Look through the listing below for the line containing "Lounge - A lovely". Copy it and each line after it up to and including the line containing "Festive Christmas Shower", exactly, leaving out pictures.

* **Information shown**:
╔══

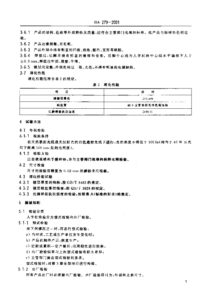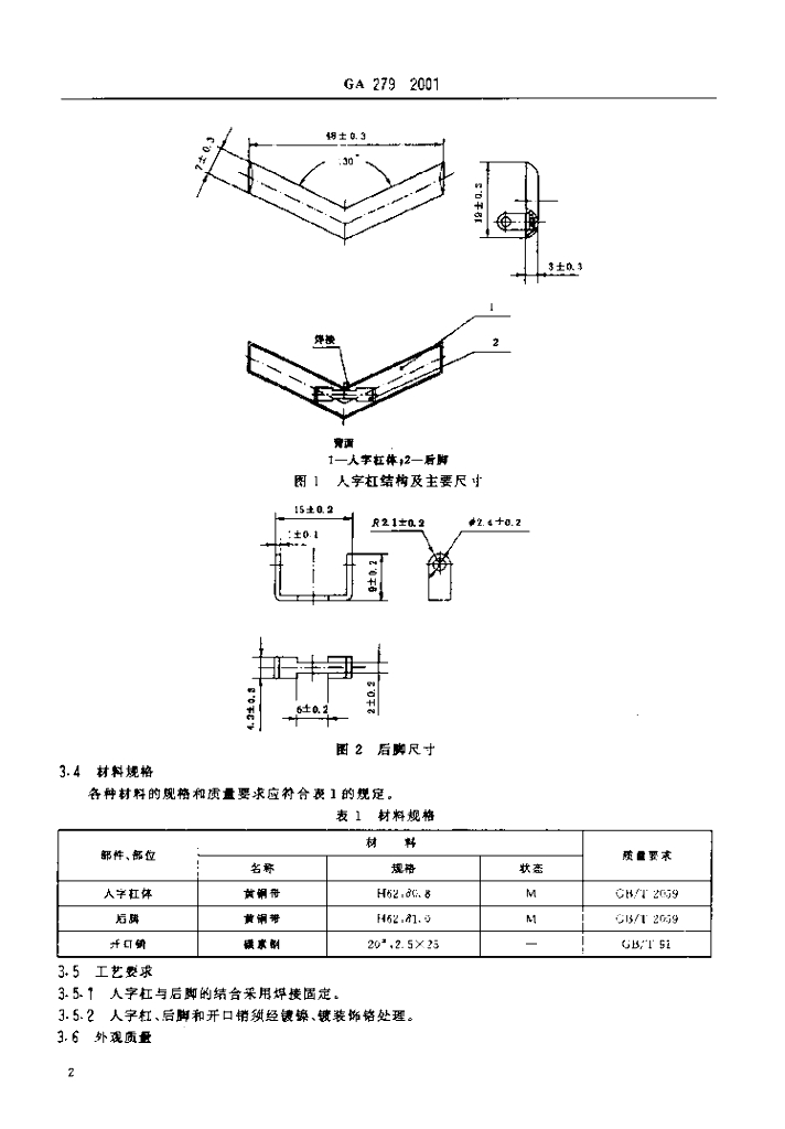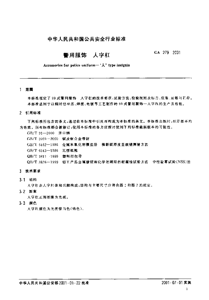 GA 279-2001 警用服饰人字杠
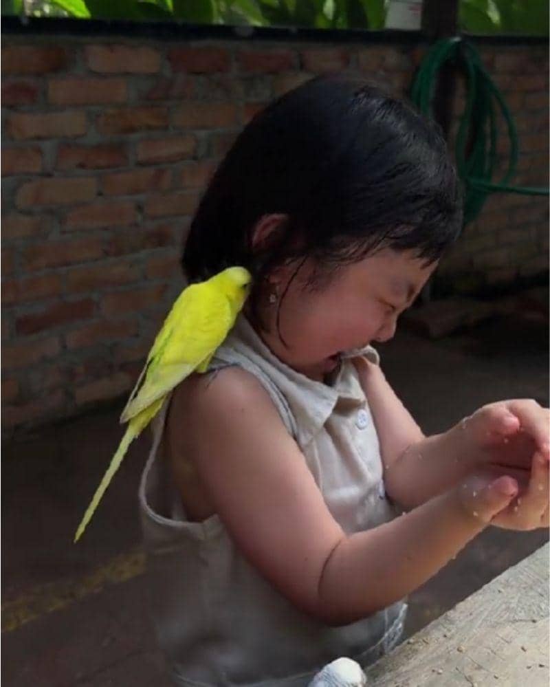 Di detik pertama video tersebut, seekor burung berwarna kuning sengaja diletakan di bahu gadis kecil tersebut untuk melihat keberaniannya. Bukannya menangis atau teriak karena ketakutan, Nala justru tertawa girang karena kegelian saat dikelitiki burung tersebut.
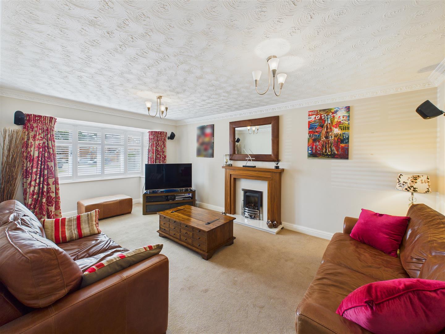 Lounge - A lovely room to relax or entertain in having a contemporary fire surround with marble hearth and backplate housing a "living flame" gas fire. There is a bay window to front elevation with fitted shutters.
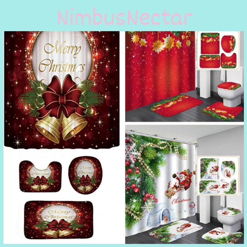 Festive Christmas Shower Curtain And Bathroom Mat Set With Waterproof Material
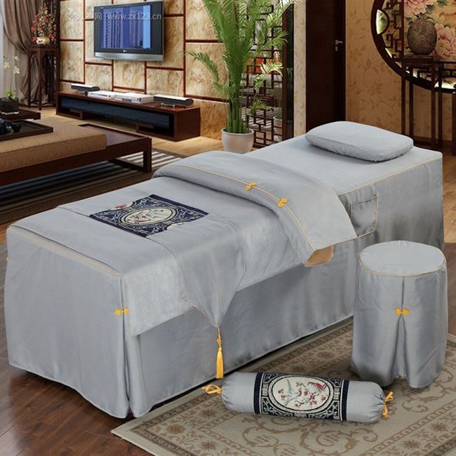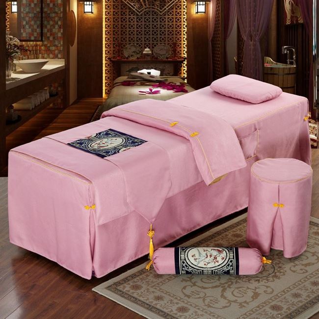 . Bộ đồ giường cao cấp làm đẹp cao cấp Bộ bốn mảnh màu xanh đậm cotton Châu Âu đơn giản làm đẹp thẩm mỹ cơ thể massage giường có lỗ - Trang bị tấm
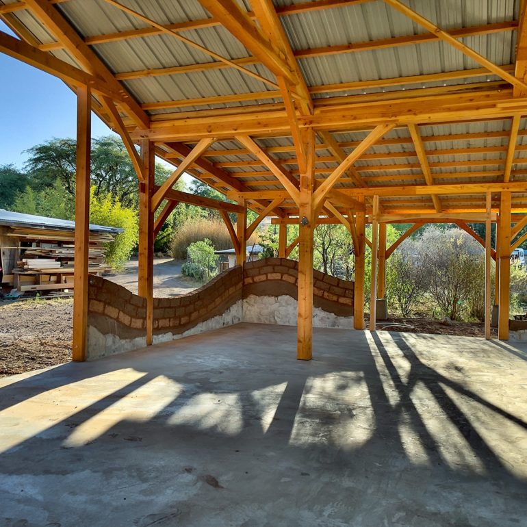 We welcome you to come take a tour of our several small experimental buildings. A variety of natural building techniques and finishes can be seen.
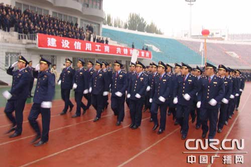 中廣網(wǎng)呼和浩特10月22日消息(記者那森寶音、通訊員李健、中文) 2008年10月21日在大馬路體育場(chǎng),呼和浩特市工商系統(tǒng)800多名干部精神抖擻,意氣盎然,邁著整齊的步伐接受有關(guān)部門的檢閱,展現(xiàn)了首府工商的精神風(fēng)貌和良好形象。
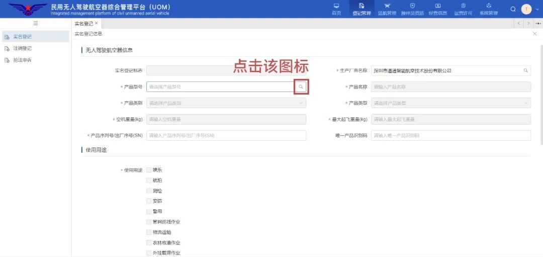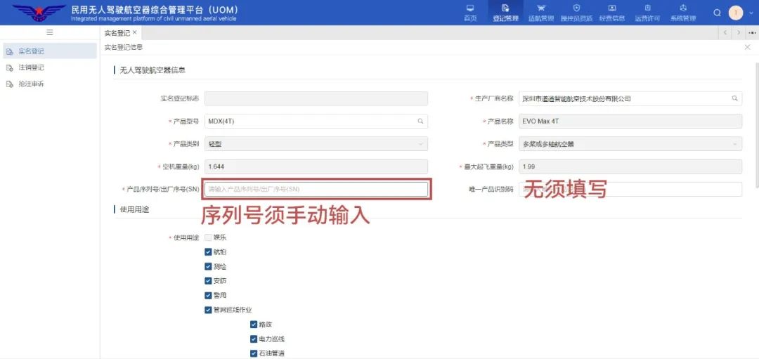 ▼平台将自动填充表格中的产品名称、产品类别、空机重量(kg)、最大起飞重量(kg)信息,手动输入您无人机的[产品序列号/出厂序号(SN)](序号列查询方式可参照后文),[唯一产品识别码] 无须填写,其次结合自身使用情况勾选无人机[使用用途]。
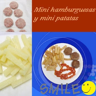 El otro dia para la cena me puse a hacer hamburguesas, pero como no habia mucho hambre, las grandes las congeles e hice unas minis, acompañadas de mini patatitas.
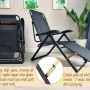 Ưu điểm: Thiết kế thông minh, nhỏ gọn, nhẹ, với 6 chế độ điều chỉnh độ ngã lưng, có thể ngã 180 độ, vừa làm ghế thư giản vừa làm giường ngủ, tích hợp con lăn massage tay êm ái, phần chân có thể nâng cao thoái mái, có nơi để gắn khay đựng ly nước siêu tiện lợi, dễ dàng xếp gọn, dễ dàng di chuyển bất kì vị trí, tiết kiệm không gian.
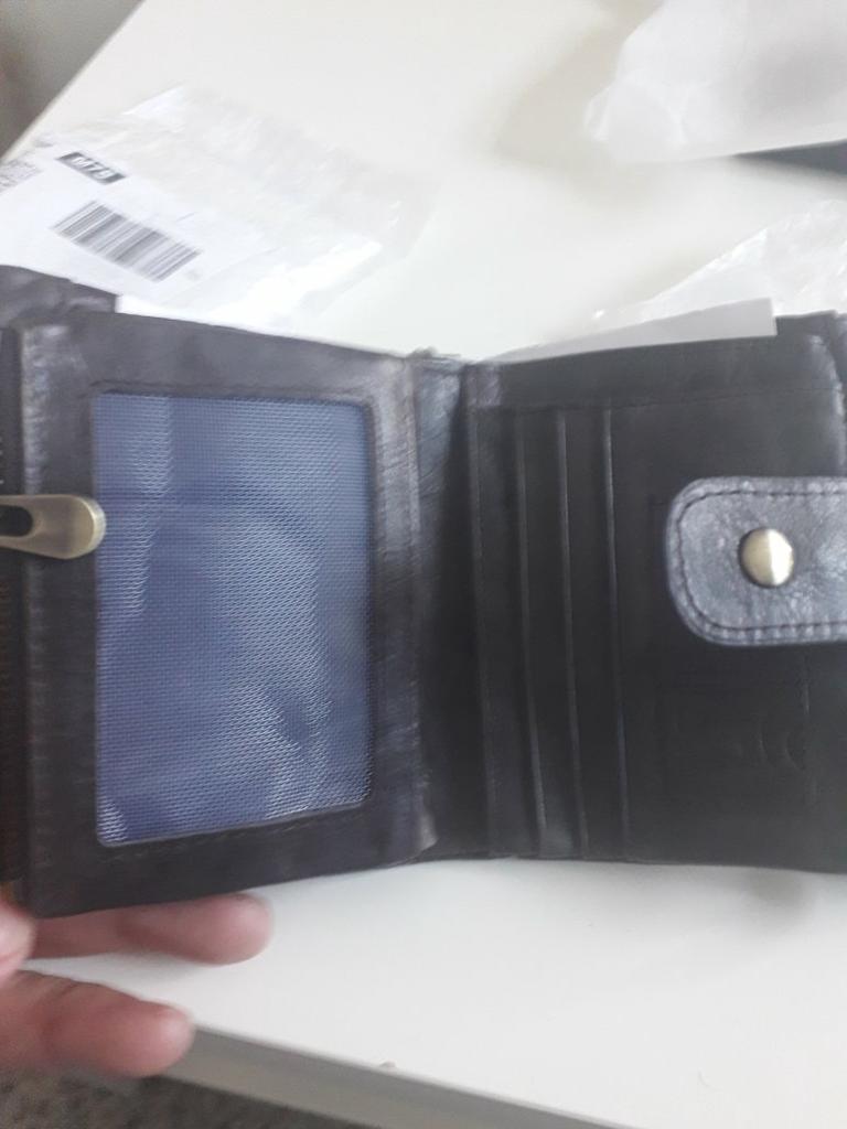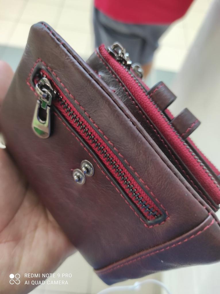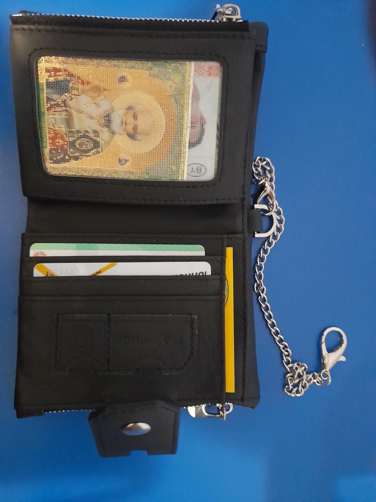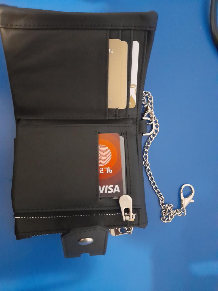 Pilns ar slotiem kredītkartēm, skaista āda, ķēdes stiprinājums, kas novērš zādzību, daudz vietas.
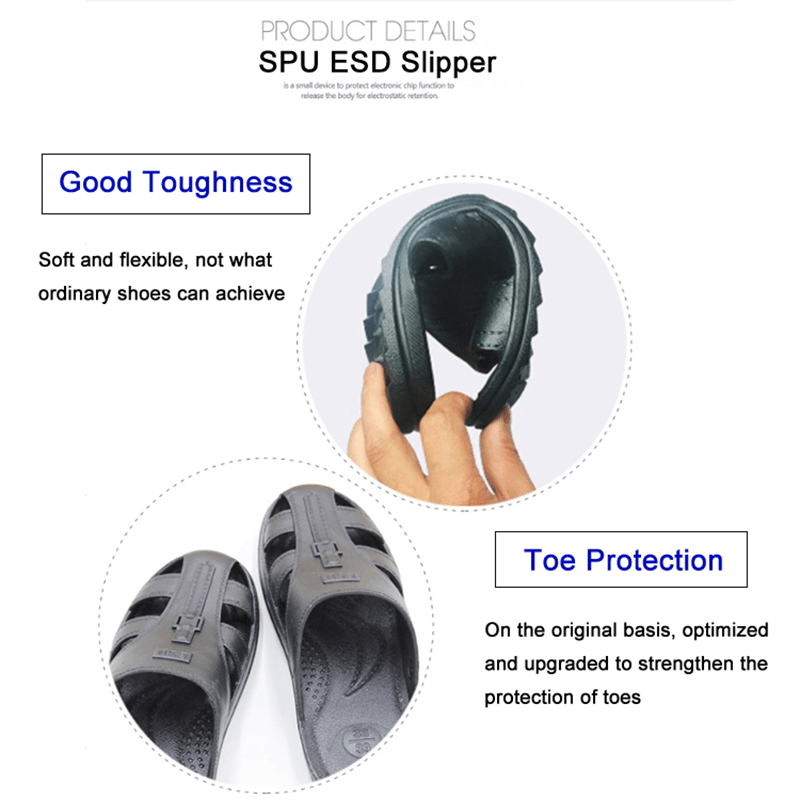 In ambienti di lavoro come la produzione di apparecchiature elettroniche, il montaggio e la manutenzione, la scarica elettrostatica (ESD) può causare gravi danni a dispositivi sensibili come componenti elettronici e circuiti. Le pantofole ESD anti-statiche sono progettate per prevenire la generazione e il rilascio di elettricità statica dal corpo umano e direttamente l'elettricità statica a terra, evitando così la potenziale minaccia di elettricità statica alle apparecchiature elettroniche. Questa misura protettiva può proteggere efficacemente i componenti elettronici di alto valore e ridurre i danni alle attrezzature e le interruzioni della produzione causate da scarico elettrostatico.
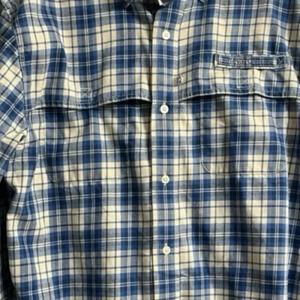 This shirt combines classic style with functional performance, making it ideal for fishing, outdoor activities, or everyday wear. In excellent condition with minimal to no signs of wear.

╚══

* **Your solution**:
 Lounge - A lovely room to relax or entertain in having a contemporary fire surround with marble hearth and backplate housing a "living flame" gas fire. There is a bay window to front elevation with fitted shutters.
 Festive Christmas Shower Curtain And Bathroom Mat Set With Waterproof Material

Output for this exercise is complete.